## TASK REQUIREMENTS
All lines below between the line with "在首届葡超希望之星的冠军组争" and the line with "35 розовых роз в коробки в форме сердца", including both, must be copied exactly, and the pictures must be omitted.

## DATA SUPPLIED
__________________________________________________
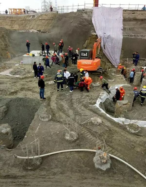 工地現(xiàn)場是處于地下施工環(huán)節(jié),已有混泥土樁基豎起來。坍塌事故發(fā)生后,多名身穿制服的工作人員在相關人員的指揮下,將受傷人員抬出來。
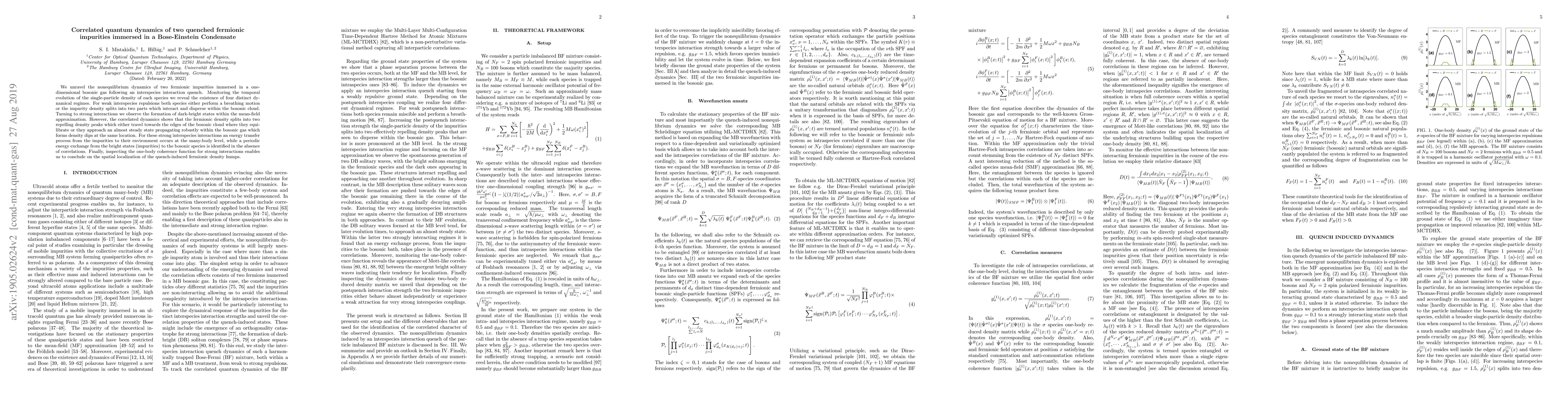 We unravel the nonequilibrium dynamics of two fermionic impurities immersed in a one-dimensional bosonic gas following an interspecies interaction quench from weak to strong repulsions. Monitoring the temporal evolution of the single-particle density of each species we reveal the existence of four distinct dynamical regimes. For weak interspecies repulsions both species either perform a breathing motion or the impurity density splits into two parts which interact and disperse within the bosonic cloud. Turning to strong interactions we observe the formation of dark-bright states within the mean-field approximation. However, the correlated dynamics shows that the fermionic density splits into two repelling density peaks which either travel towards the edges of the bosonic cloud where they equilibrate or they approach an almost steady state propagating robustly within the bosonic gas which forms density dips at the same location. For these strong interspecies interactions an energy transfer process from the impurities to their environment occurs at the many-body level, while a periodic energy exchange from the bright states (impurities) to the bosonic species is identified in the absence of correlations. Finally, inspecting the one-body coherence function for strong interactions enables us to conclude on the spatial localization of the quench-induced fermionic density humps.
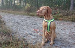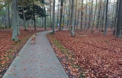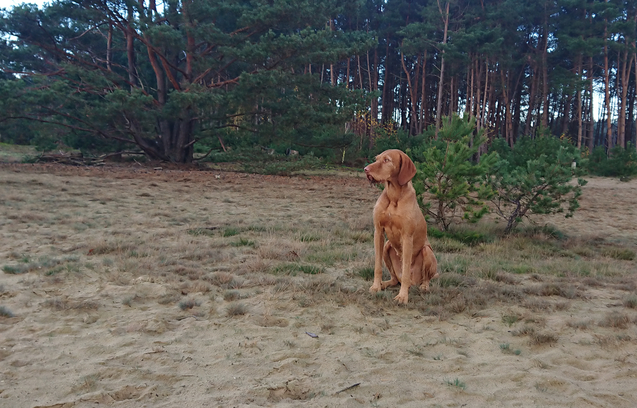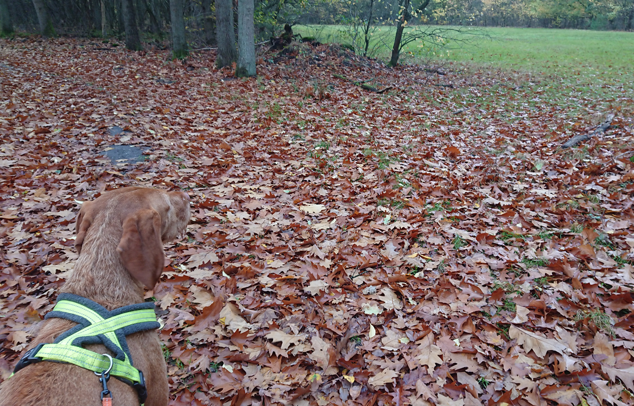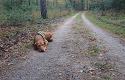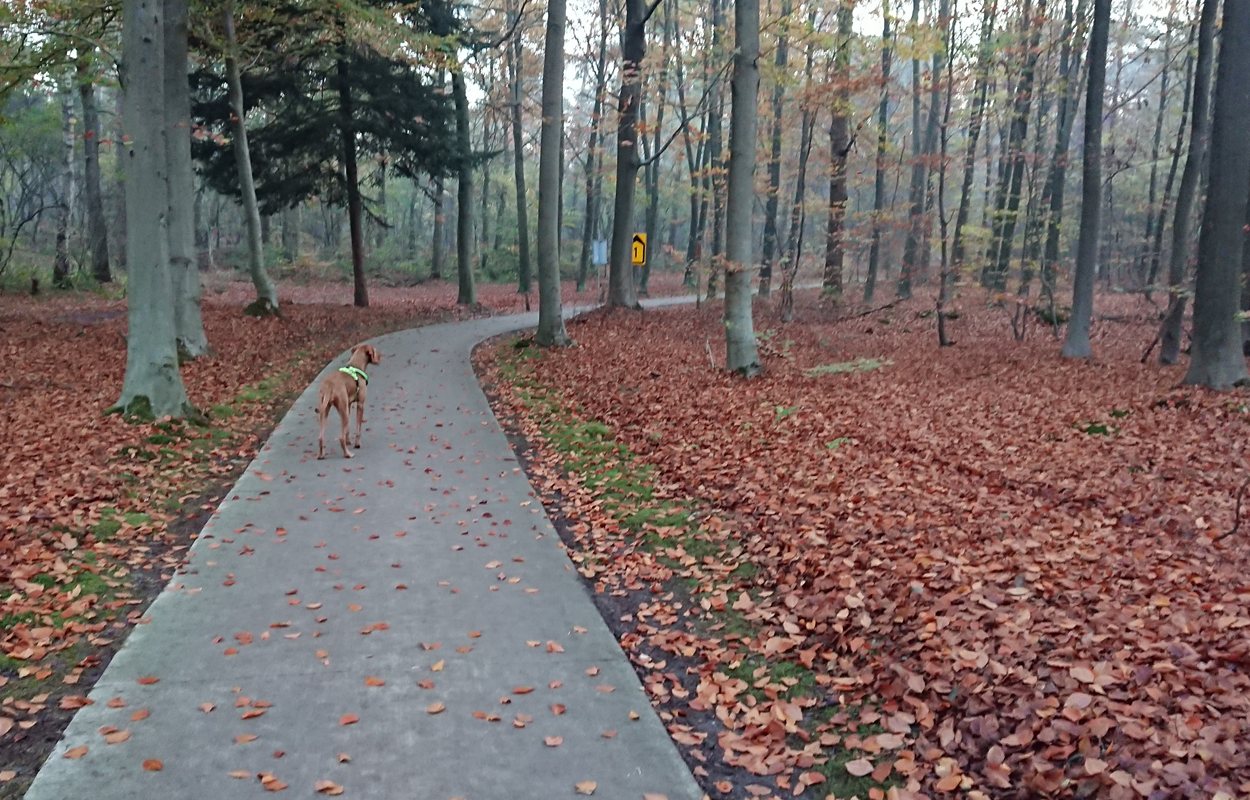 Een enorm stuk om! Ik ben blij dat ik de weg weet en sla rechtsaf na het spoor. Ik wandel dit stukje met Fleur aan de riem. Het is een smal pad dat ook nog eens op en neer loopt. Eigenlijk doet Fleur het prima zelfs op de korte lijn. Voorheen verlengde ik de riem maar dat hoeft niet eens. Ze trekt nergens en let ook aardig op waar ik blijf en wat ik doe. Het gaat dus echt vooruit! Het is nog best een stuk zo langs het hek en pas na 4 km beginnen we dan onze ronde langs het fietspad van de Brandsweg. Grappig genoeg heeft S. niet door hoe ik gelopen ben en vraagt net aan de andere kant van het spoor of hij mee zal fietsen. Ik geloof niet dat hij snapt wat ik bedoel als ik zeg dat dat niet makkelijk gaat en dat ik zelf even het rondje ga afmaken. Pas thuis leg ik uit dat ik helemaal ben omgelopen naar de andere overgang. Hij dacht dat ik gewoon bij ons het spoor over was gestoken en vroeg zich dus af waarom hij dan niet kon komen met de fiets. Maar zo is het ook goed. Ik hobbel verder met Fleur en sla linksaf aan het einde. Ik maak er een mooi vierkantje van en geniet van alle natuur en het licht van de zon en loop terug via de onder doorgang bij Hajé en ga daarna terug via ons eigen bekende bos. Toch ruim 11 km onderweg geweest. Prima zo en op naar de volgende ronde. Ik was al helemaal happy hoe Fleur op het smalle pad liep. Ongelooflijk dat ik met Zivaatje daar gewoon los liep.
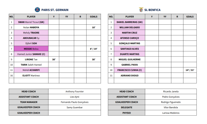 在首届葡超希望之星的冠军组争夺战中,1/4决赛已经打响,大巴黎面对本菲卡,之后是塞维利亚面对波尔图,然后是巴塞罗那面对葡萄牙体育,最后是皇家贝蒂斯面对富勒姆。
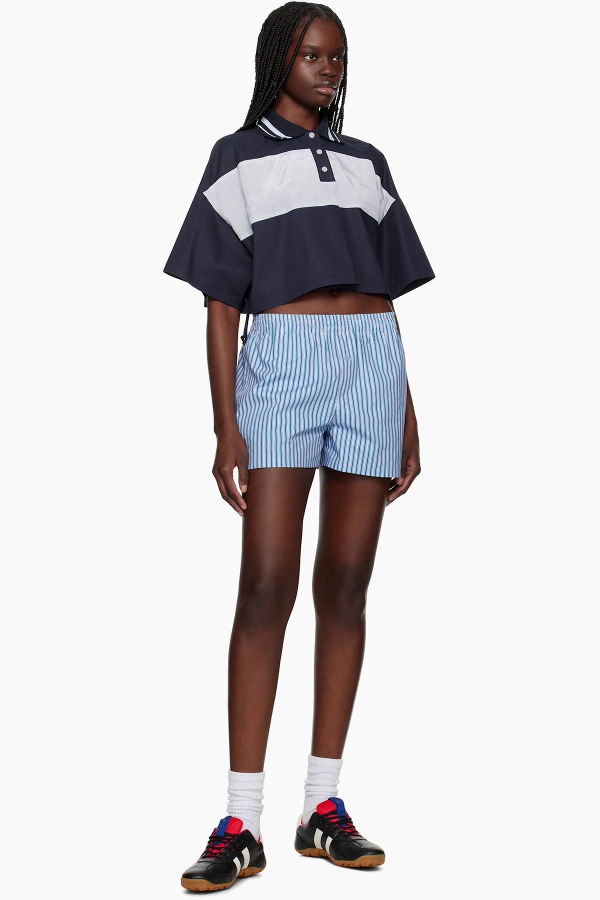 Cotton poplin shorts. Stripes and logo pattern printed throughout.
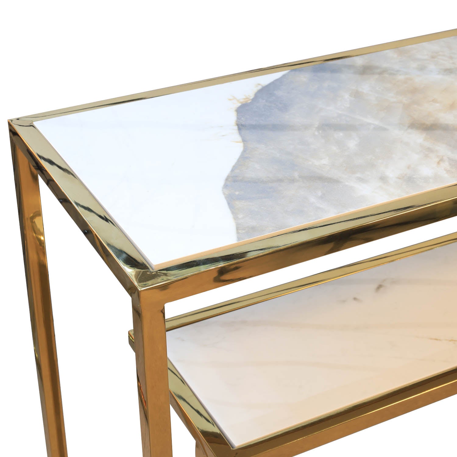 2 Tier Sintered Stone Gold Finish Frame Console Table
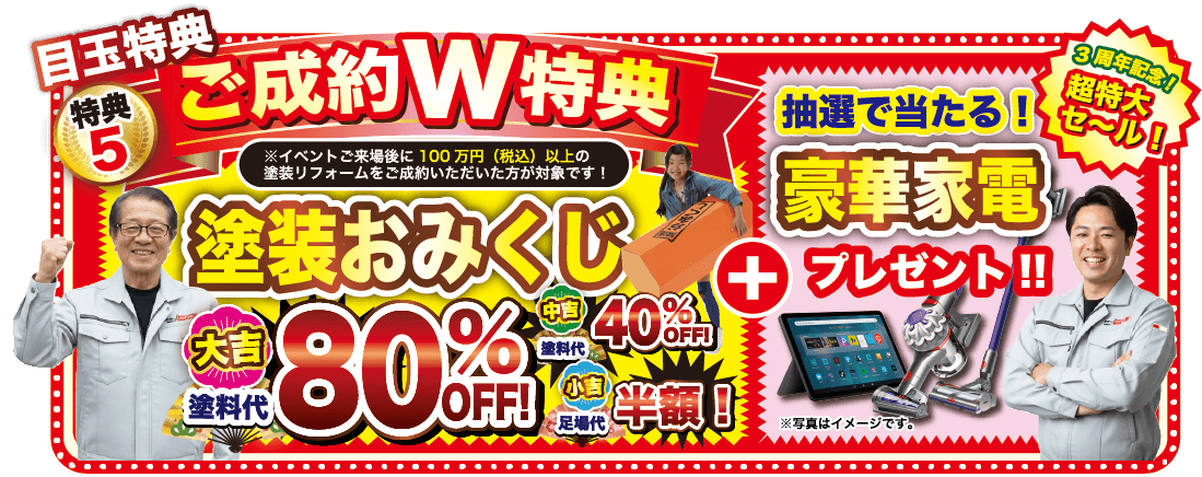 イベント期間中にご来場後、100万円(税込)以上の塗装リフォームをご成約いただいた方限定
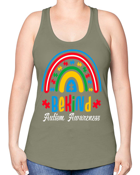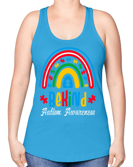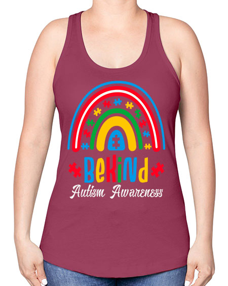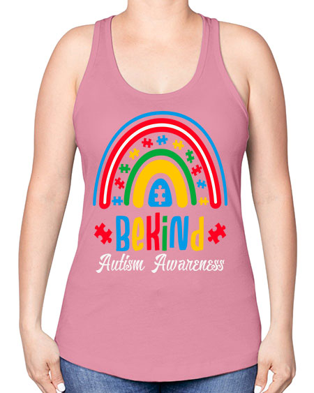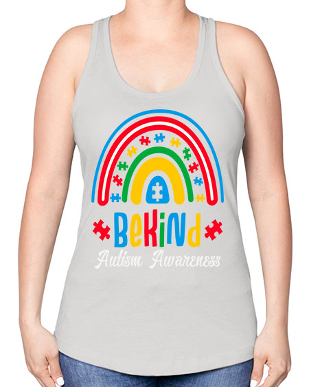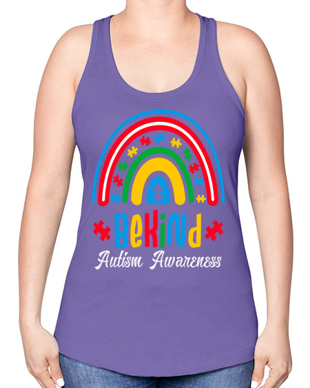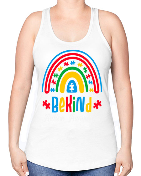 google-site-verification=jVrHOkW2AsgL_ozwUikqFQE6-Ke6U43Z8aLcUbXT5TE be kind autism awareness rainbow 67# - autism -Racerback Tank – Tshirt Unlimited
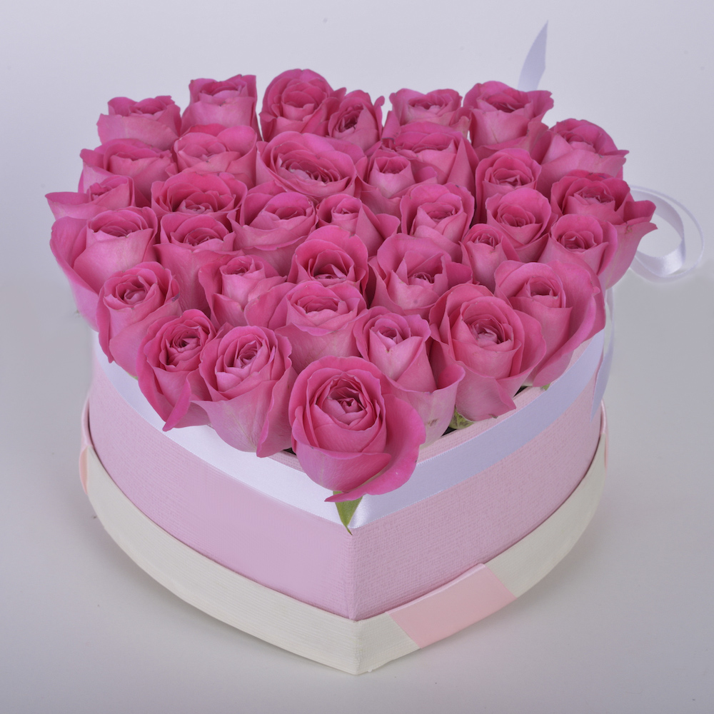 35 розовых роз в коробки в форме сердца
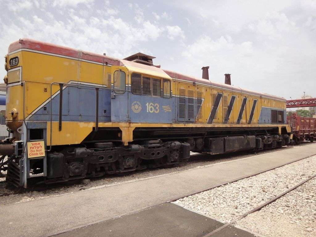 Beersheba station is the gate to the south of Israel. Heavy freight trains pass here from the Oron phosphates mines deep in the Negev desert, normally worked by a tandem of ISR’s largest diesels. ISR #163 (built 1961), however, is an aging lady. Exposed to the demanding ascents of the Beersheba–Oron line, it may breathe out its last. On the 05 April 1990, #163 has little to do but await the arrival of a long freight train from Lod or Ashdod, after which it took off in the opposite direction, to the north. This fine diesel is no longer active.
__________________________________________________
## REPLY TO THE TASK
 在首届葡超希望之星的冠军组争夺战中,1/4决赛已经打响,大巴黎面对本菲卡,之后是塞维利亚面对波尔图,然后是巴塞罗那面对葡萄牙体育,最后是皇家贝蒂斯面对富勒姆。
 Cotton poplin shorts. Stripes and logo pattern printed throughout.
 2 Tier Sintered Stone Gold Finish Frame Console Table
 イベント期間中にご来場後、100万円(税込)以上の塗装リフォームをご成約いただいた方限定
 google-site-verification=jVrHOkW2AsgL_ozwUikqFQE6-Ke6U43Z8aLcUbXT5TE be kind autism awareness rainbow 67# - autism -Racerback Tank – Tshirt Unlimited
 35 розовых роз в коробки в форме сердца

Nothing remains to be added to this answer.